The pivot is a great example of a wave of startup entrepreneurs rushing to support and complement the nation’s healthcare system via technology and business model innovation.

It’s also a new career path for Elfenbein, who left the agency world because she was itching to grow beyond simply creating communications strategies and messages to support health and wellness products and services, and to actually make them.

Although she did create a number of products while serving as CCO of The Bloc, she joined Comcast -- and ultimately Cherish Health -- because of the resources to really scale the launch of them.
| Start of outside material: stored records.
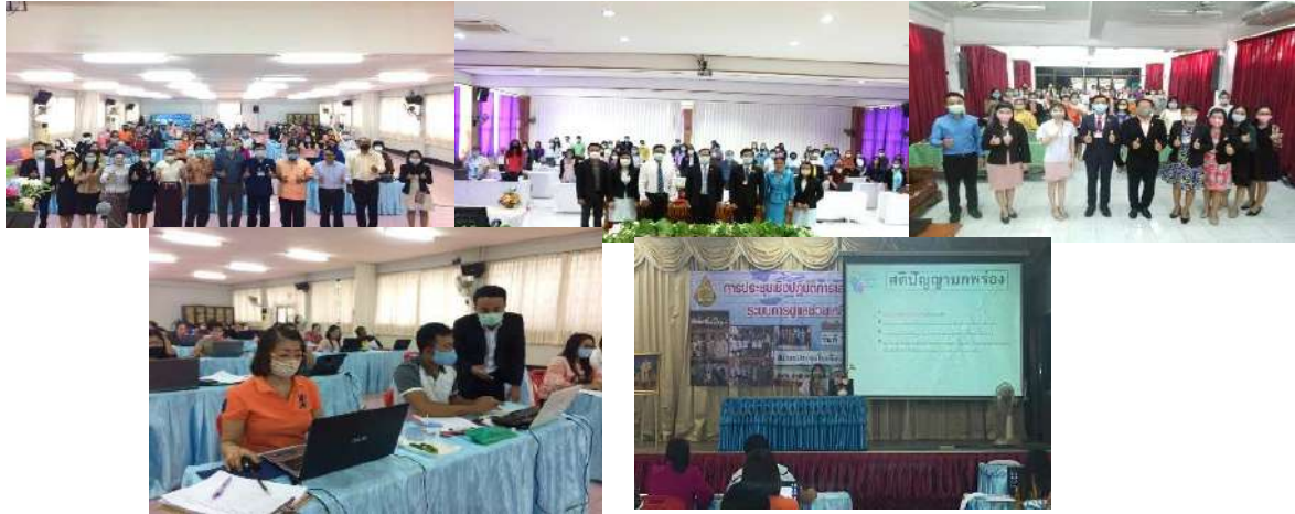
การจัดประชุมเชิงปฏิบัติการเสริมสร้างพัฒนาระบบการดูแลช่วยเหลือนักเรียน
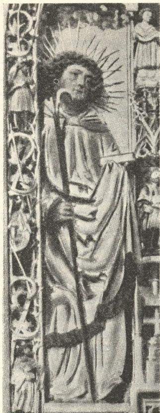
Abb. 353. Wolfgang Aßlinger: Vom Hochaltar Heiligenblut
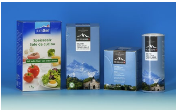
Fluoridiertes und jodiertes Speisesalz.

Geringe Mengen von Fluorid sind im Trinkwasser und in Lebensmitteln vorhanden. Die Fluoridkonzentrationen sind aber im allgemeinen sehr niedrig, so dass keine kariesvorbeugende Wirkung auftreten kann. Für einen wirksamen Kariesschutz steht in der Schweiz seit 1983 das jodierte und fluoridierte Speisesalz zur Verfügung (z. B. JuraSel im Paket mit grünem Streifen, das 0,025 % Fluorid enthält). Zur Grundvorbeugung gehört auch die tägliche Benützung von fluoridhaltiger Zahnpaste.
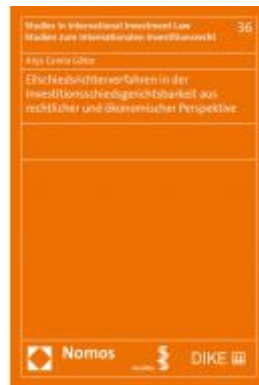
Eilschiedsrichterverfahren in der Investitionsschiedsgerichtsbarkeit aus rechtlicher und ökonomischer Perspektive Ladenpreis: 74,00 EUR
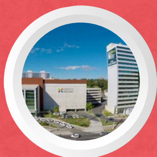
Cariacica/ES Av. Mário Curgel São Francisco, Cariacica.
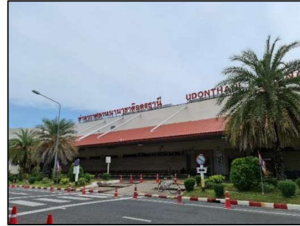
อาคารที่พักผู้โดยสาร

As important as development of products is, Elfenbein is also hyper-focused on their branding and messaging, so not surprisingly, the launch includes a public service-like series of films created by Australian cinematographer Matt Butler utilizing an innovative montage of time-lapse and filters to show people moving through urban landscapes such as New York City.

“It very naturally [tells] the story of COVID-19,” Elfenbein said, adding: “When I saw his film, I imagined how we could build a visceral call to action as it’s kind of like a live human petri dish that spreads the virus. Or as another person referred to it as, ‘a human epidemiology study’.”